Prevalence and Distribution of Thalassemia Trait Screening
https://doi.org/10.19106/10.19106/JMedSci004903201702
Nailil Husna
(1*), Imanuel Sanka
(2), Ahmad Al Arif
(3), Chintya Putri
(4), Elory Leonard
(5), Niken Satuti Nur Handayani
(6)
(1) Laboratory of Genetic and Breeding, Faculty of Biology, Universitas Gadjah Mada,
Yogyakarta, Indonesia
(2) Laboratory of Genetic and Breeding, Faculty of Biology, Universitas Gadjah Mada,
Yogyakarta, Indonesia
(3) Laboratory of Genetic and Breeding, Faculty of Biology, Universitas Gadjah Mada,
Yogyakarta, Indonesia
(4) Laboratory of Genetic and Breeding, Faculty of Biology, Universitas Gadjah Mada,
Yogyakarta, Indonesia
(5) Laboratory of Genetic and Breeding, Faculty of Biology, Universitas Gadjah Mada,
Yogyakarta, Indonesia
(6) Laboratory of Genetic and Breeding, Faculty of Biology, Universitas Gadjah Mada,
Yogyakarta, Indonesia
(*) Corresponding Author
Abstract
Thalassemia is an inherited disorder of autosomal recessive gene caused by decrease or absent production of one or two type of globin chain. This disorder will affect the quality and quantity of blood production. In Indonesia, thalassemia is not concerned as urgency, although it lies in thalassemia belt area. Thalassemia is classified according to the particular globin chain which affected such as α-thalassemia and β-thalassemia. Besides thalassemia, there are variant hemoglobinopathy called HbE. The aim of this study was to assess the prevalence of thalassemia carriers among the volunteer of screening in province DI Yogyakarta from 2012 until 2015. The thalassemia carrier screening was conducted by collaborating with Indonesian Association of Parents of Children with Thalassemia (POPTI) Yogyakarta. The hematological measurement and High-Performance Liquid Chromatography (HPLC) were performed on Prodia Laboratory Yogyakarta.
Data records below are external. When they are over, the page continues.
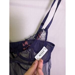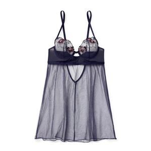 NWT Adore Me Navy Blue Floral Embroidered Mesh Babydoll Lingerie Butterfly 34B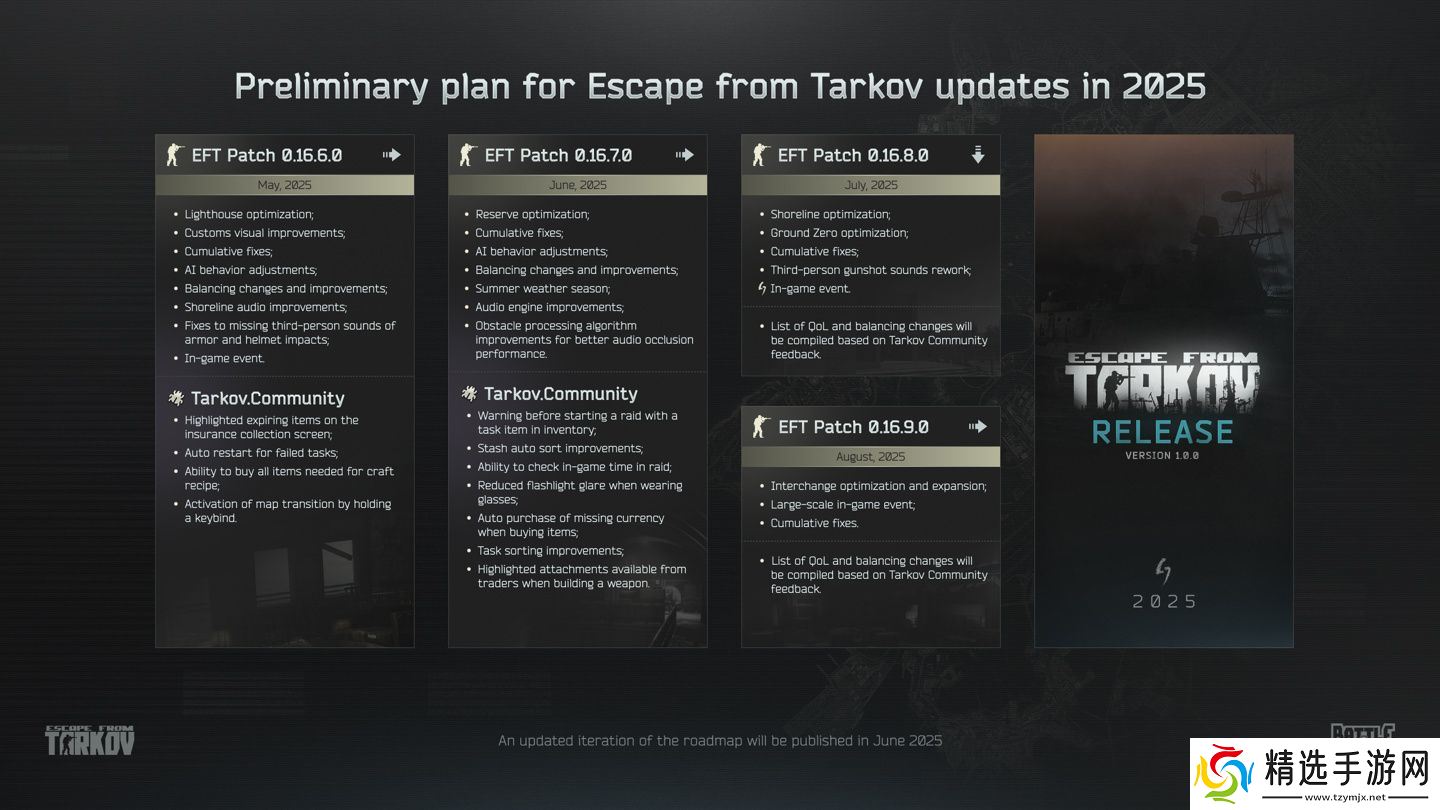 路线图显示《逃离塔科夫》最后一次测试版本更新计划于 8 月实施,意味着正式版最快 9 月上线(官方承诺会在 6 月公布正式版发售时间)。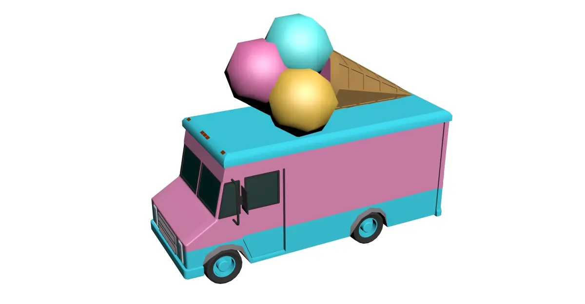 Ice cream truck. Low-poly 3D model, Hypercasual Model. Has materials ID

The analysis of carriers prevalence was conducted in Laboratory of Genetics and Breeding, Faculty of Biology, Universitas Gadjah Mada. From 241 volunteers, we found 44 volunteers was diagnosed as β-thalassemia carrier, 30 volunteers as α-thalassemia carrier as well as HbE disorder carrier, and 1 volunteer was diagnosed as α-β-thalassemia carrier. The number of thalassemia carrier shows no significant difference each year. The prevalence of thalassemia carrier was high, even though the distribution is limited by the location where the screening took place.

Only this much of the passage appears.